Neil has many adopted children on the island, or maybe we adopted him; I see many of them here today, and I count myself as one of them, it was an honour to have him as my mentor, and friend, and as luck would have it, my father-in-law.
Neil has always worked, he never took a day off, right to his final day we all relied on him. The coffee was on and he would be there to make it, as sure as the sun would rise.
Well, the sun still rises…
But not all is lost, and he wouldn’t want us to think like that. Neil showed a way of being we can aspire to. One of kindness, patience, resourcefulness, curiosity and humour.
To paraphrase a lyric from an old Bob Dylan Track,
Neil, we all wish for
One more cup of coffee for the road
One more cup of coffee ‘fore you go
To the valley below
Among those who paid tributes at Thursday’s funeral was Ngatangiia MP Kaka Ama, who said as a Matavera resident he had probably known Neil longer than anyone else in his community.
“I got my coffee from Neil every day but never once did I get a free coffee.”

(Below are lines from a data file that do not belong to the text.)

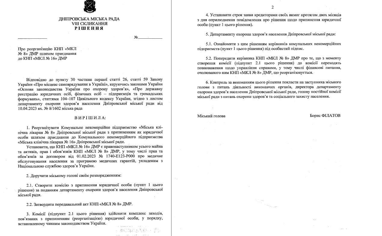 Больница №16 станет правопреемницей всех активов, имущества, обязанностей и услуг. Включая договор о медицинском обслуживании населения, заключенный с НСЗУ. Таким образом, к ней перейдут все юридические и финансовые полномочия. Для этого специальная комиссия должна предпринять все необходимые для реорганизации шаги.
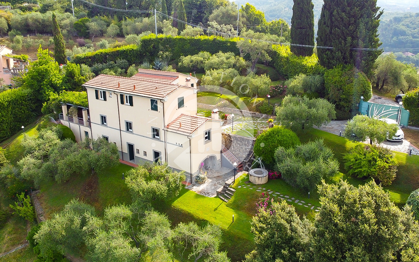 Ejendommen fuldendes af den panoramiske veranda, den smukke swimmingpool med varmt brusebad og den 3 ha store grund, hvoraf 1 ha er beplantet med oliventræer.
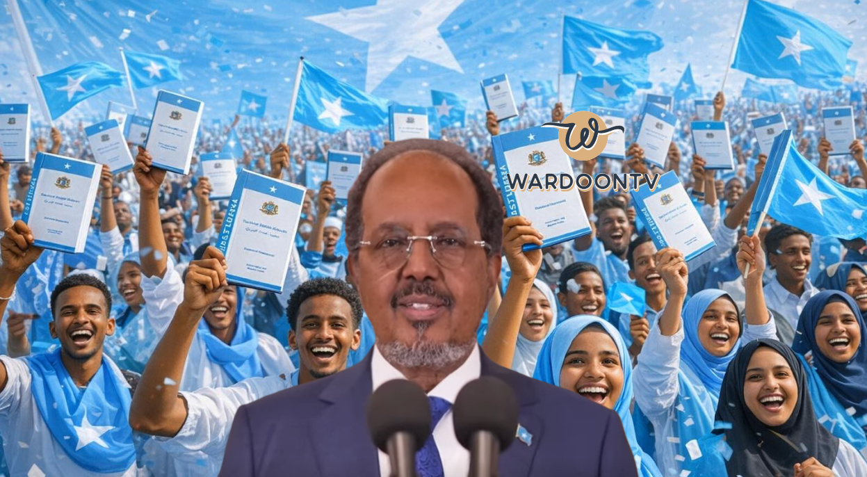Madaxweynaha Jamhuuriyadda Federaalka Soomaaliya, Dr. Xasan Sheekh Maxamuud oo caawa khudbad u jeediyay shacabka Soomaaliyeed ayaa muujiyay sida uu ugu faraxsan yahay ansixinta dhameystirka dastuurka KMG ah.
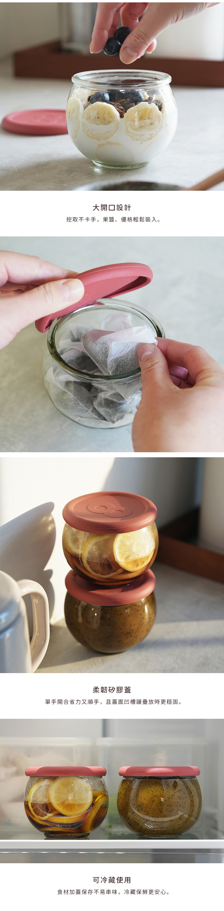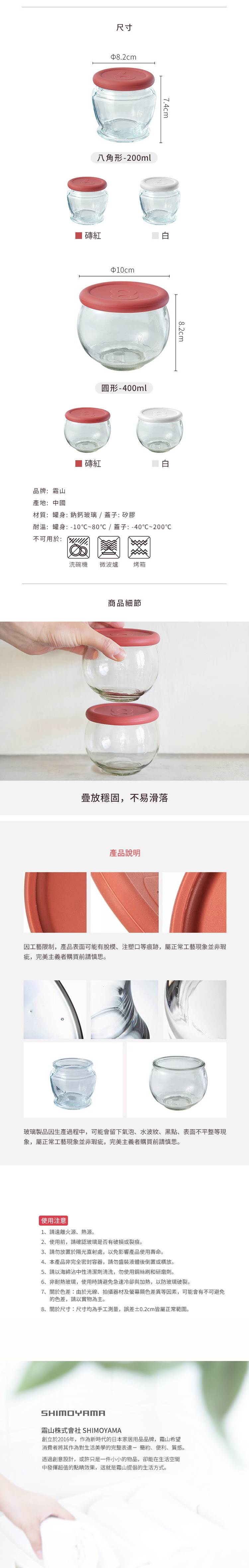尺寸:直徑8.2×高7.4cm 材質:[罐身]鈉鈣玻璃、[蓋子]矽膠 容量:200ml 耐溫:[罐身]-10℃~80℃、[蓋子]-40℃~200℃ 不適用於:洗碗機、微波爐、烤箱 產地:中國 ※尺寸皆為人工測量,誤差±0.2cm屬正常範圍。
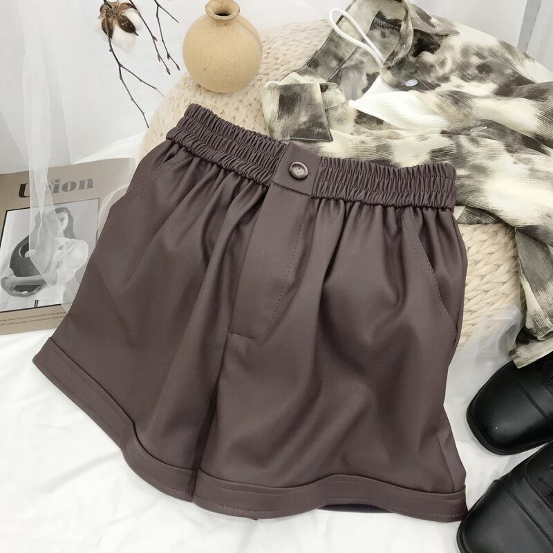 アプリコットブラックコーヒーウエスト PU レザーショーツ女性秋冬ポケットショーツ Pantalones Cortos De Moda オータム 秋物 ウィンター 冬物 ブルマー Son78302383915
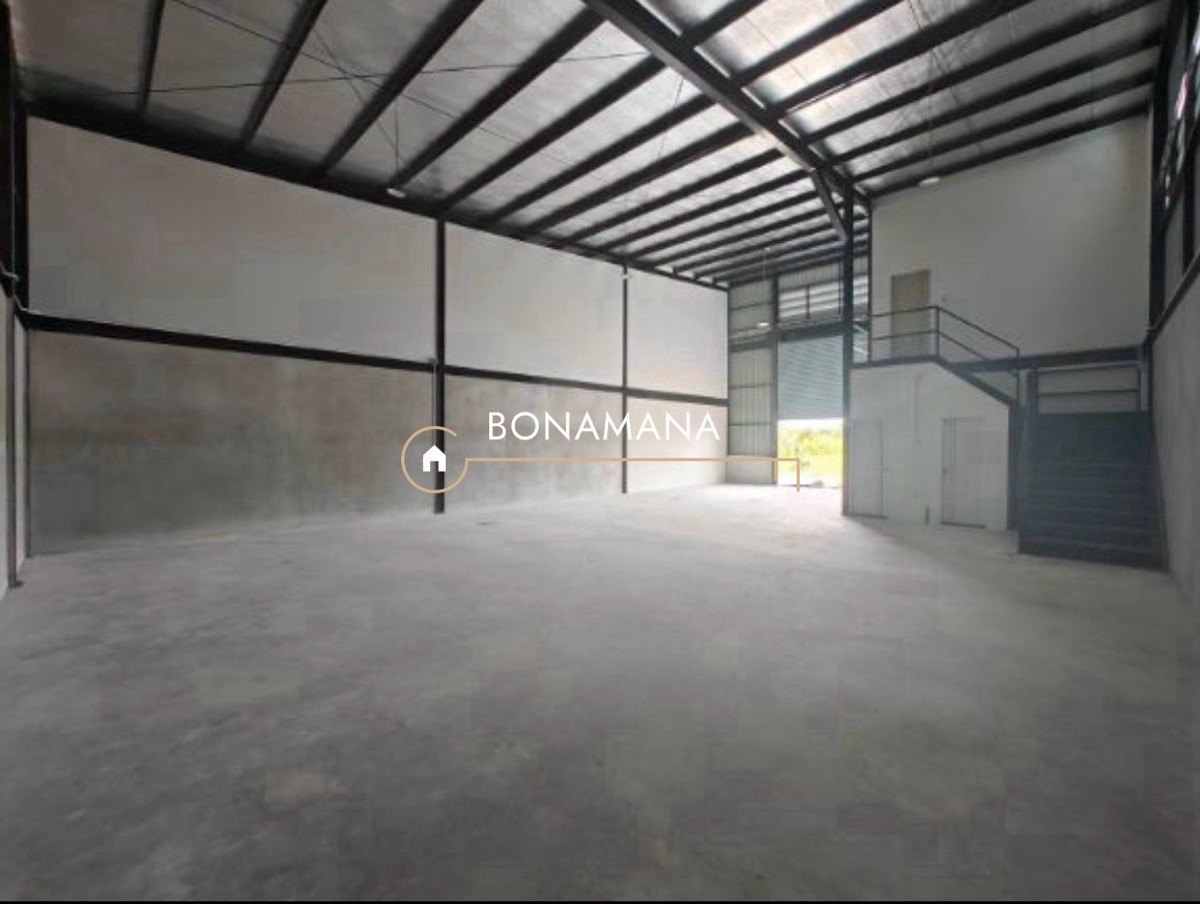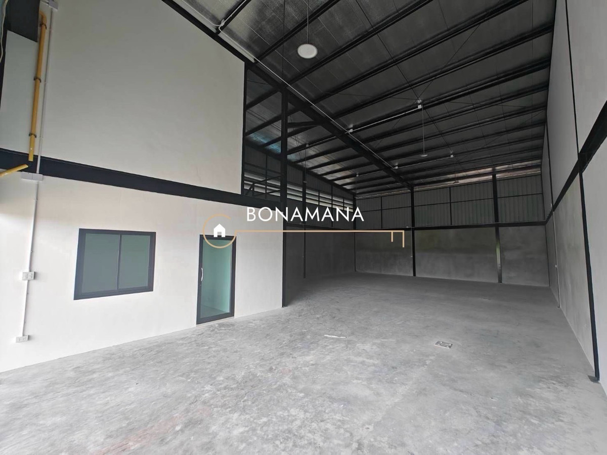 Warehouse for rent with home office (warehouse + office + residence) Phutthamonthon Sai 4 Newly built warehouse The front is next to the road , good location, can open a storefront or make an office wide and convenient parking space in front. Parking area 100-120 sq m., parking for 6-8 cars, accommodating large cars, container vans Total usable area approximately 282 sq m. Office space, 2 floors, 20 sq m each, total 40 sq m. Warehouse width 9 meters × depth 18 meters, no central pillar 2 bathrooms Rental price/month: 37,000 baht 2 months deposit, 1 month advance 3 year contract Rental price includes land and building taxes No common fees Water, electricity, regular royalty payments 3-phase electricity Warehouse height: 7.5m, clear, well ventilated Office height: 2.8 - 3m Spacious CCTV system around the warehouse Floor can support a weight of 1.5 tons Near the transportation center, Line 5, Line 4, Line 3 Entrance and exit roads can connect to many routes Connect Phutthamonthon Sai 4-5, Petchkasem Road, Borommaratchachonnani Road, Phutthasakhon Road - to Mahachai, New Prannok - Phutthamonthon Sai Road. 4 If interested, contact Khun Tang: Contact number Line ID: @bonamana Whatsapp: Contact number
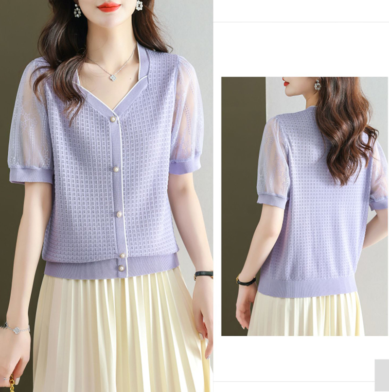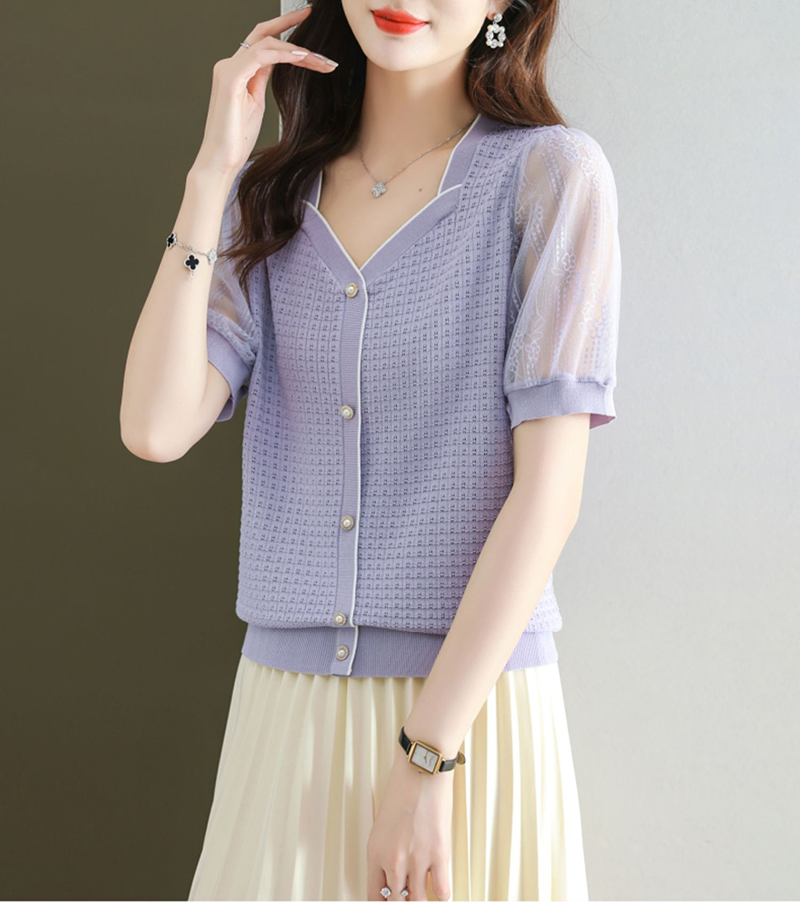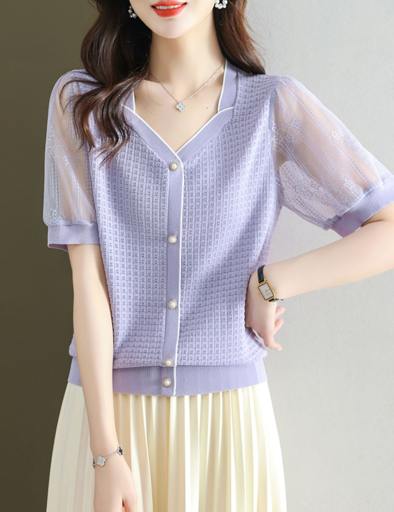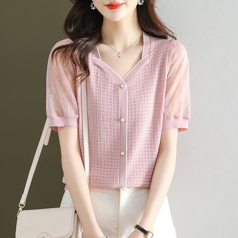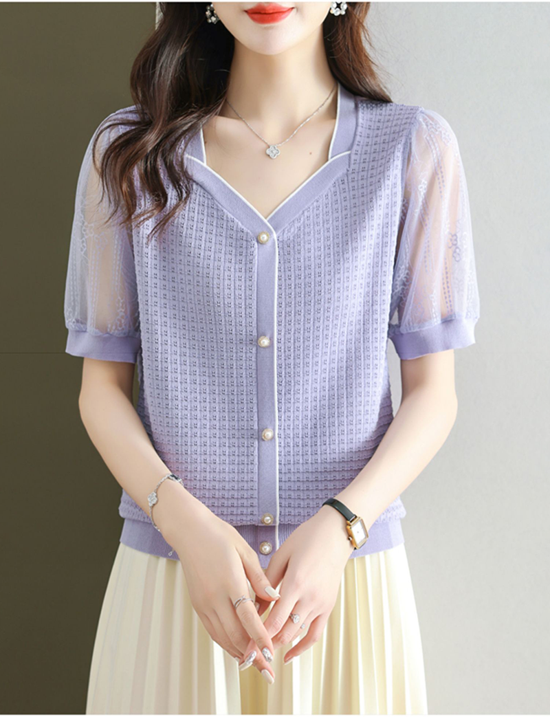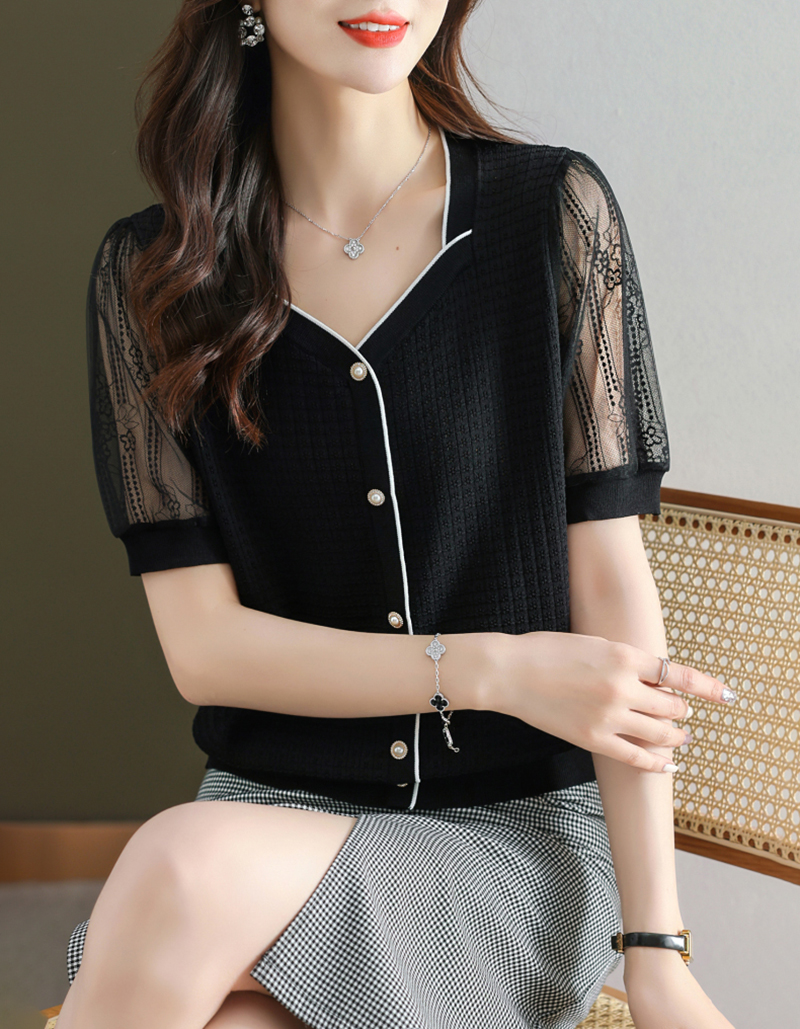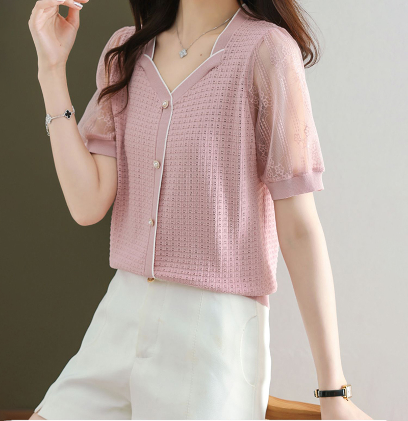 法式方領拼接蕾絲短袖T恤小衫(4色)

Being a coffee addict myself, I first met Neil the day I arrived in the Cook Islands in 2005, and as my provider and neighbour he became one of my best friends here.
And being the editor and publisher of the daily newspaper, I grew to know Neil as a great raconteur and source who delighted in often telling me how to do my job, especially when we got something wrong or missed something newsworthy.
I know he would be embarrassed to know I’m devoting two whole pages to him today, and he’d be highly amused to know that his untimely death caused a furore in our office this week.
His family arranged for a bereavement notice to be published in Thursday’s paper inviting everyone to the funeral but the gremlins were at play on Wednesday night and we went to press mistakenly omitting the death notice.
When I found this out while boarding the plane in Auckland to return for the funeral, I had to intervene and order reprinting of the next day’s newspaper with his bereavement included.
So thanks Neil, you caused us to reprint an entire edition just to get you in it. It was my duty and my last rite in paying respect to a wonderful mate. Thanks bro.